Lavate le ciliegie ed asciugatele bene, quindi togliete il picciolo. Prendete uno spelucchino, tagliate le ciliegie a metà e togliete il nocciolo a mano.

 


 

ASSEMBLAGGIO E COTTURA

 

Prendete uno stampo diametro 24 cm adatto per una crostata. L'ideale è usare uno stampo a fondo rimovibile diametro 24 cm, è nettamente la soluzione più comoda. Se non ce l'avete potete usare uno stampo da crostata pezzo unico diametro 24 cm (in metallo, evitate quelli in silicone) oppure uno stampo apribile diametro 24 cm.
Prendete la pasta sablé al limone dal frigorifero e stendetela con un mattarello fino ad ottenere un cerchio diametro circa 29-30 cm. Prendete la sablé e spostatela sullo stampo, disponendola in centro e facendo attenzione a non romperla. Premete delicatamente con le dita per fare aderire la pasta sui bordi ed il fondo dello stampo. Prendete una forchetta e bucherellate la pasta sul fondo dello stampo (fatelo con delicatezza perché se lo fate con forza rovinate lo stampo, cosa da evitare soprattutto se è antiaderente). Prendete un coltellino e tagliate via gli eccessi di pasta dai bordi: se usate lo stampo adatto allora vi basta far correre il coltellino lungo il bordo dello stampo. Riponete lo stampo in congelatore fino a quando la sablé si sarà rassodata. Gli eccessi di pasta sablé potete stenderli nuovamente col mattarello e ricavarne dei frollini.
Pre-riscaldate il forno a 180° e preparate l'impasto per il cake al pistacchio.
Cuocete in bianco la sablé al limone. Per farlo tagliate un disco di carta forno del diametro di circa 30 cm. Appoggiatelo sulla pasta sablé, tenendolo al centro.

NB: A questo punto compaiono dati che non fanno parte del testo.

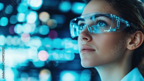 Healthcare Technology patient concept. Woman using a futuristic holographic interface

Versate del riso sulla carta forno, disponendolo soprattutto lungo la circonferenza interna e fino ad arrivare all'altezza del bordo dello stampo. Per la cottura in bianco consiglio di usare riso e non i classici fagioli perché i chicchi di riso sono molto più piccoli ed occupano meglio lo spazio, in questa maniera la pasta resta più liscia; vi basta comprare un pacco di riso il meno costoso possibile, non serve ovviamente che sia di qualità perché non va mangiato, poi una volta raffreddato potete conservarlo e riutilizzarlo quante volte volete. Infornate lo stampo ad altezza media e cuocete per circa 10 minuti, fino a quando i bordi della pasta cominceranno a dorarsi. Togliete lo stampo dal forno, sollevate con cautela il disco di carta forno, facendo attenzione a non far cadere fuori il riso. Riponete nuovamente lo stampo in forno e terminate la cottura del fondo di pasta sablé al limone, qui i tempi dipendono dal vostro forno, la pasta è cotta quando è bella dorata.
Quando la sablé è cotta togliete lo stampo dal forno e versate all'interno l'impasto per il cake al pistacchio. Livellate la superficie dell'impasto. Riponete nuovamente lo stampo nel forno caldo e cuocete il cake al pistacchio. Anche qui i tempi variano dal vostro forno, sono di circa 15 minuti. Per controllare la cottura del cake effettuate la classica prova dello stuzzicadenti.
Quando il cake è cotto togliete lo stampo dal forno e fate raffreddare.
Quando la base della crostata è fredda toglietela dallo stampo e trasferitela su un piatto da portata. Preparate le ciliegie tagliate a metà e disponetele sopra il cake al pistacchio.
Potete decorare questa crostata con della granella di pistacchio e delle zeste candite di limone. Io ero rimasto senza entrambe, quindi l'ho lasciata liscia.
Questa crostata va consumata in giornata per via della presenza delle ciliegie crude e tagliate.

 


 

CONSIDERAZIONI

 

Volevo fare una crostata con le ciliegie ma senza andare sullo strano. Ciliegie e pistacchio è un abbinamento classico della pasticceria francese, così ho deciso di usarlo. Mi serviva qualcosa di acido per contrastare la grassezza del pistacchio e della crostata in generale, da qui la scelta del limone come terzo gusto.
Per le componenti ho preso la strada del senza uova. Quindi per la base ho usato una sablé aromatizzata al limone, esce bella friabile e con un gusto agrumato bello marcato. Per il pistacchio ho scelto una sorta di cake basilare, in maniera da riuscire ad appoggiare per bene le ciliegie. Al posto di questo cake potete usare tranquillamente una crema al pistacchio (con ricetta di vostra preferenza).
Il risultato finale è una crostata bella ricca, non proprio leggera dato che il pistacchio resta sempre un gusto impegnativo. La forte presenza di limone fa da contrasto e rende bilanciato l'equilibrio al palato.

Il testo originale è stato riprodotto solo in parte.